SEPARATION AND RELEASE AGREEMENT
Exhibit
10.1
THIS SEPARATION AND RELEASE
AGREEMENT (this “Agreement”)
dated February 1, 2010, is by and between Xxxxx X. Xxxxxxxx (“Executive”)
and Education Realty Trust, Inc., a Maryland corporation (the “Company”).
WHEREAS, Executive’s
employment with the Company has been terminated, effective as of February 12,
2010 (the termination date) pursuant to that certain Amended and Restated
Employment Agreement between the Company and Executive, dated as of October 29,
2008 (the “Employment
Agreement”);
NOW, THEREFORE, in
consideration of the foregoing premises and other good and valuable
consideration, the receipt and sufficiency of which are hereby acknowledged, the
parties hereto hereby agree as follows:
1. Termination of
Employment. Executive and the Company hereby agree that
Executive’s employment with the Company will be terminated pursuant to Section 5(h) of the
Employment Agreement on February 12, 2010. To the extent he continues
to hold any such offices or directorships, Executive hereby resigns all offices
and directorships he holds with the Company and any and all of the Company’s
subsidiaries and affiliates, effective as of the termination
date. Capitalized terms used herein and not otherwise defined shall
have the same meanings as in the Employment Agreement.
2. Release by
Executive.

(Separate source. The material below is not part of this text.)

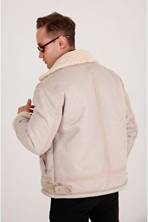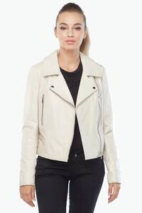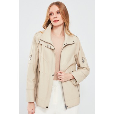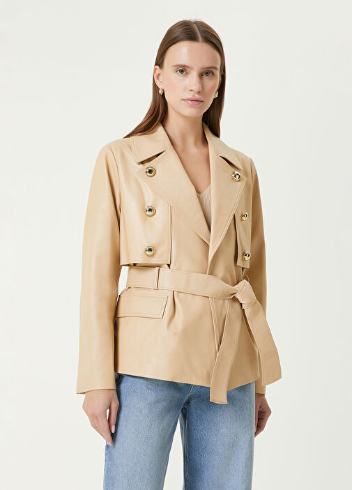 Bej renkli deri ceket, farklı renk seçenekleri ve gardırop unsurlarıyla uyumlu bir şekilde kombinlenebilir. Her tarzda şık ve çekici bir görünüm yaratmanıza yardımcı olur.

Executive, on his own behalf and on behalf of his
heirs, successors and assigns, hereby irrevocably and unconditionally releases
and forever discharges the Company and its current and former subsidiaries and
other affiliates, and their current and former agents, employees,
representatives, officers, directors, stockholders, trustees and attorneys (in
both their official and personal capacities), and each of their predecessors,
successors, assigns and/or heirs (all of which are hereafter collectively
referred to as the “Released
Parties”) from any and all debts, liabilities, claims, demands, actions
or causes of action, suits, judgments or controversies of any kind whatsoever
(except as set forth below) arising from Executive’s relationship (including
without limitation as a stockholder) to, employment with or service as an
employee, officer, director, or manager of the Company or its subsidiaries and
affiliates (collectively, the “Claims”)
against the Released Parties, that now exist or that may arise in the future out
of any matter, transaction or event occurring prior to or on the termination
date, including without limitation, any claims of breach of contract or for
severance or other termination pay, or claims of harassment or discrimination
(for example, on the basis of age, sex, race, handicap, disability, religion,
color or national origin) under any federal, state or local law, rule or
regulation, including, but not limited to, the Age Discrimination in Employment
Act of 1967, 29 U.S.C. §621, et seq. Except
as set forth below, Executive further agrees not to file or bring any claim,
suit, civil action, complaint, arbitration or administrative action (any of the
foregoing, an “Action”)
in any city, state or federal court or agency or arbitration tribunal with
respect to any Claim against any of the Released Parties or (except as may be
required by law) assist any other person or entity with any Action against any
of the Released Parties. Notwithstanding anything to the contrary
contained in this Agreement, Executive does not release any of the Released
Parties and shall not be prohibited from filing or bringing an Action with
respect to any right Executive otherwise may have now or in the future to (i)
receive distributions or dividends made in respect of the Company’s common stock
or units of limited partnership interest in Education Realty Operating
Partnership, LP; (ii) be indemnified by the Company under the Second Articles of
Amendment and Restatement or Amended and Restated Bylaws of the Company (as the
same are currently in effect), any resolution adopted by the Board of Directors
of the Company, or any other separate written agreement or instrument requiring
the Company to indemnify Executive; (iii) receive workers’ compensation claims;
or (iv) vested benefits payable under retirement and other employee benefit
plans covering Executive (which benefits shall be governed by the terms and
provisions of the applicable plan).
3. Severance
Compensation. In consideration of Executive’s execution and
non-revocation of this Agreement and pursuant to Section 6(b) of the
Employment Agreement, Executive shall be entitled to receive the payments set
forth in this Section 3, subject to the terms and provisions of this Agreement.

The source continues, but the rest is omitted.